Eso ya no es posible. La tecnología moderna lo graba y recuerda todo. Es curioso que todo lo que guardamos en archivos digitales acaba por perderse en algún laberíntico circuito de memorias diversas. Las fotos, los escritos, las recetas de cocina, todo acaba perdiéndose. Parece irrecuperable, pero ahí está, en el ordenador, en algún dispositivo usb o simplemente en la “nube”, lugar extraño regentado por empresas tecnológicas que garantizan (eso dicen) el anonimato de nuestros archivos a los que solo podemos acceder a través de claves que antes o después acabaremos olvidando.
Todo queda archivado, todo queda guardado. En caso de necesidad se echa mano de ello. A Villarejo, experto policía, lo tenían grabado. Los archivos de conversaciones mantenidas durante años , delatores de sus extrañas actividades profesionales, guardados en cámaras blindadas hasta que fuera necesario echar mano de ellos. Ahora Villarejo está en la cárcel y a nadie le importan sus revelaciones que él suponía garantizaban su impunidad.

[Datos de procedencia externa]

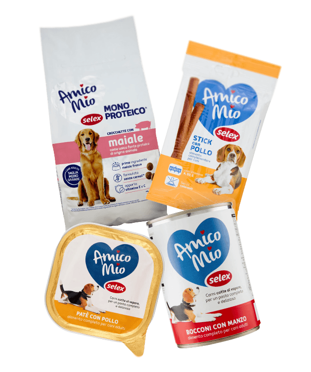 Stick con pollo, crocchette con maiale, patè con pollo, bocconcini con manzo, carni cotte al vapore per un pasto completo e delizioso… la linea di alimenti per cane Amico Mio Selex sembra il menu di un ristorante.

Verónica cometió un error, Olvido Hormigos cometió otro. Alguien, no hemos sabido quién, puso en circulación el mal recuerdo, el error cometido para escarnio y quién sabe con qué otras intenciones de las dos mujeres víctimas. Una, Olvido, consiguió remontar el escándalo, la vergüenza, la mala intención. Verónica no fue capaz, acabó sucumbiendo a la maldad propia del siglo XXI.

 El “trol”, el culpable o la culpable, tiene que estar en algún lado, tiene que haber un o una responsable última y, por supuesto, unos corresponsables pasivos que luego se ocultaron entre la “manada” de compañeros manifestantes con semblante serio que parecían decir, sin decir nada, «yo no he sido».

Pero allí debía de estar, el “trol”, esa formidable criatura de los nuevos tiempos digitales. El malvado carcomido por el odio. El envidioso invadido por la tradicional “mala leche” española que desde las sombras pone en circulación la acusación, la calumnia, antes repetida en cómplices habladurías vecinales y ahora expandida al universo virtual, al vecindario digital que se apresta, como siempre, a destrozar la víctima entregada en holocausto al nuevo dios que preside y disfruta con el mal diseminado a través de las redes sociales. Descanse en paz Verónica.